• Provided data

= Beginning of Section =

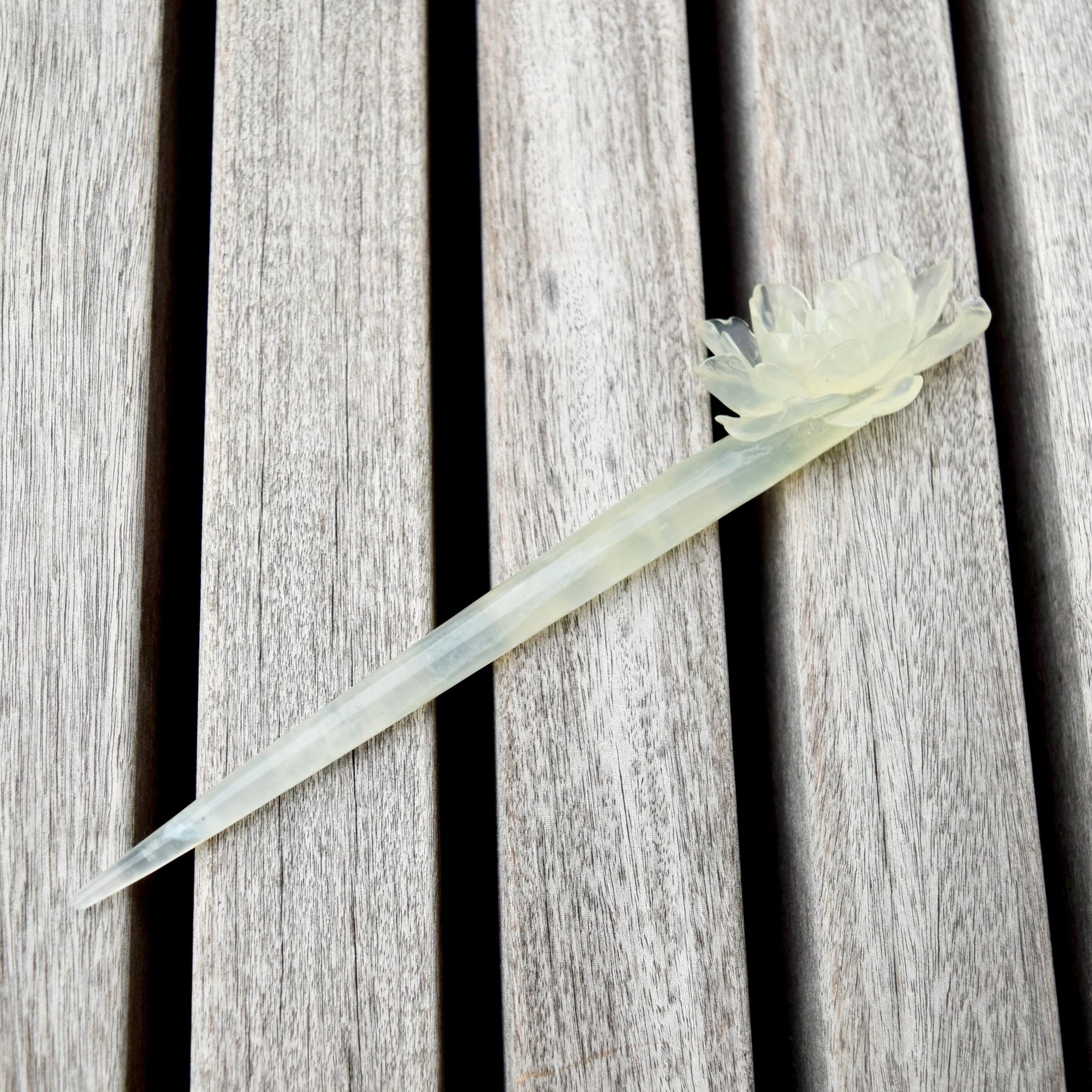 Green Icy Peony Carved Hairpin - Serpentine Jade Hair Stick
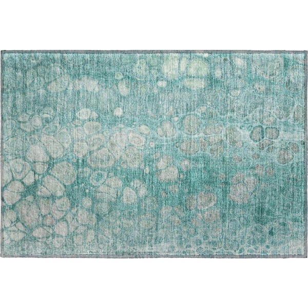 Mayfield Premium Machine Washable Abstract AMF1940 Aqua 2 ft. x 3 ft. Accent Rug
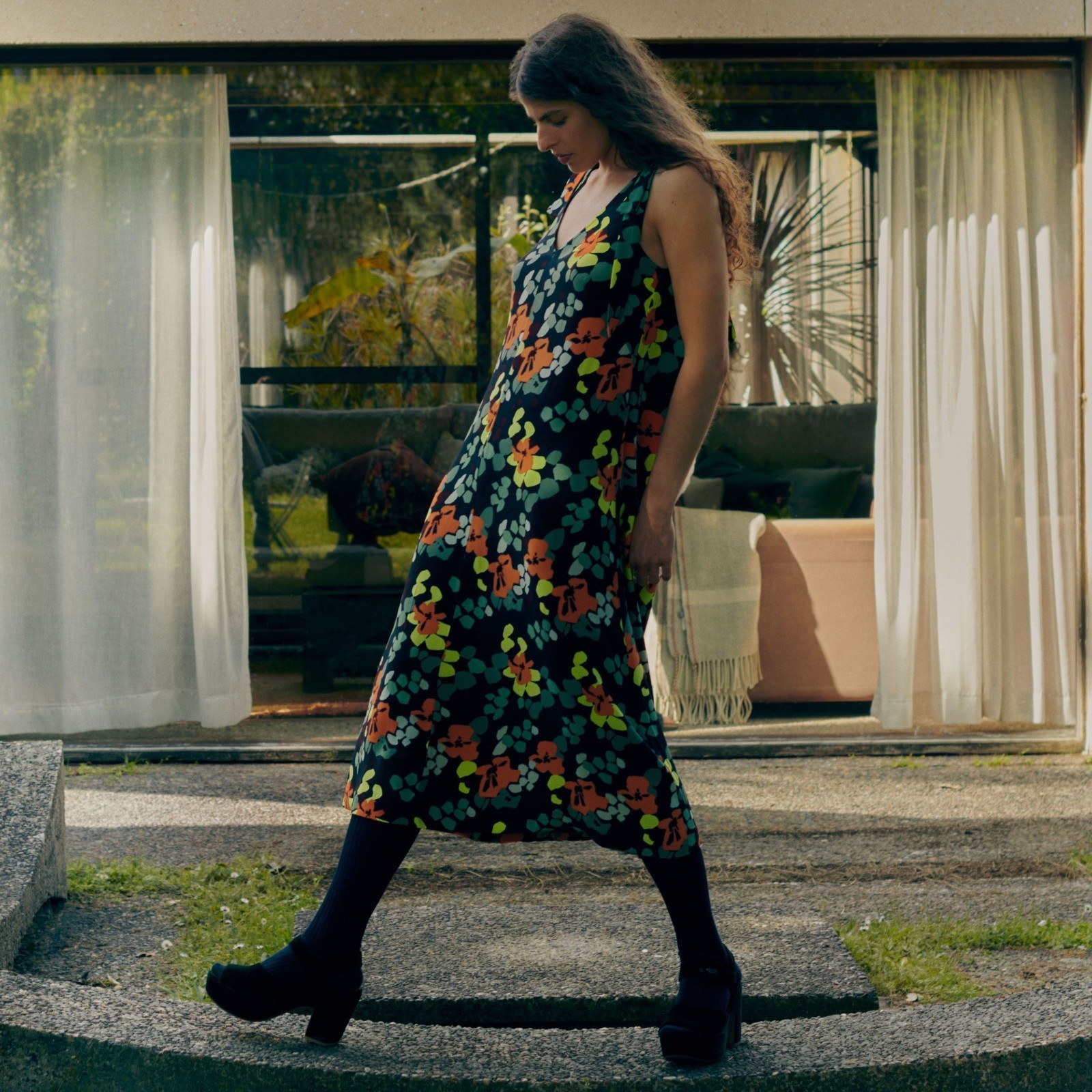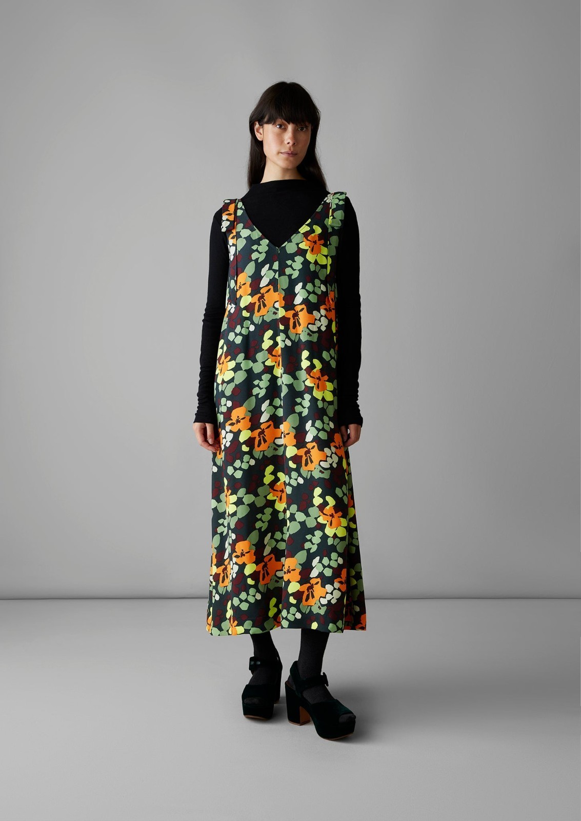 Description: Wide ties tumble down the shoulders of our dress for a romantic impression. Crafted from FSC-certified viscose illustrated by a floral pattern with a slender bodice, falling to a lower-calf length.

= End of Section =

• Your assignment
Retype the data above exactly; pictures are not part of the copy.

• Exercise response
 Green Icy Peony Carved Hairpin - Serpentine Jade Hair Stick
 Mayfield Premium Machine Washable Abstract AMF1940 Aqua 2 ft. x 3 ft. Accent Rug
 Description: Wide ties tumble down the shoulders of our dress for a romantic impression. Crafted from FSC-certified viscose illustrated by a floral pattern with a slender bodice, falling to a lower-calf length.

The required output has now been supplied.